1. A brain focus image generation method based on text and image multi-mode is characterized in that: the method comprises the following steps:

step1, collecting a relevant brain focus public data set, matching each image with a text template, and filling a reserved position in the text template according to each image sample to form a text-image template data set;

step2, using the matched text-image template data set to be finely tuned on a CLIP module of DALLE2 so as to match the text feature space of the image;

step3: performing image generation and variant generation according to the required text requirement by using the trimmed DALLE2 model; the CLIP module encodes and maps the required text into a text feature space, the text feature space is converted into an image feature space through a priori model, and the image features generate an image with required semantics through a decoder; the generated image is used as expansion data, and the requirement of the DALLE2 model on the data volume is further met on the basis of a limited public data set;

step4, performing cyclic fine tuning on the model again by the paired image text generated in the Step3 and the original text-image template data set of the Step 1;

2. A method of generating a text and image based multi-modality brain lesion image according to claim 1, characterized by: the fine tuning described in S2 is specifically: the pre-trained weighted model of the large-scale text image pair is loaded as an initialization model, and text-image data based on the brain focus image generated locally is used for continuous training on the initialization model, so that fine adjustment of model weights is completed.
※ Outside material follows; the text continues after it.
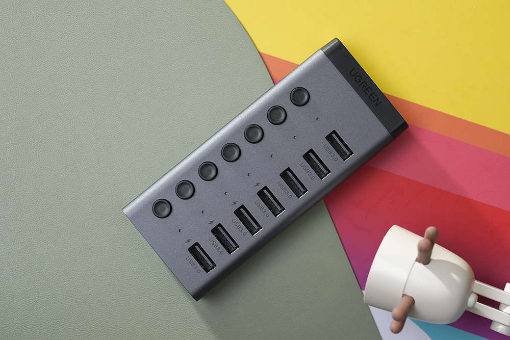 유그린 7-IN-1 USB3.0 허브는 세련된 스타일로 디자인되었습니다. 그리고 7포트로 구성되어 있어서 다양한 종류의 컴퓨터 주변 기기들을 연결할 수 있고 4번부터 7번까지는 충전 기능도 지원합니다.

3. A method of generating a text and image based multi-modality brain lesion image according to claim 1, characterized by: the cyclic fine adjustment in S4 is specifically: and (3) taking the preliminary fine tuning model in the step (S2) as an initialization model, and training the model again by using the data generated by expansion in the step (S3) and the original data to finish secondary fine tuning of the model parameters.

4. A brain focus image generation system, characterized by: the system can be used to implement the brain focus image generation method of any one of claims 1 to 3;

the brain focus image generation system includes: the system comprises a data collection module, a fine adjustment module, a data expansion module and a marked image generation module;

and a fine adjustment module: the image and the text are respectively encoded, namely, both the image and the text are converted into a common embedded space, and then the matching is carried out by calculating the similarity between the image and the text;

and a data expansion module: performing image generation and variant generation according to the required text requirement by using the trimmed DALLE2 model;

the annotation image generation module is used for editing the target image by using the circularly fine-tuned model, providing mask appointed editing areas and text description to generate a target focus; thereby generating a lesion image with labels.

5. A computer-readable storage medium having stored thereon a computer program which, when executed by a processor, implements the brain lesion image generation method according to any one of claims 1 to 3.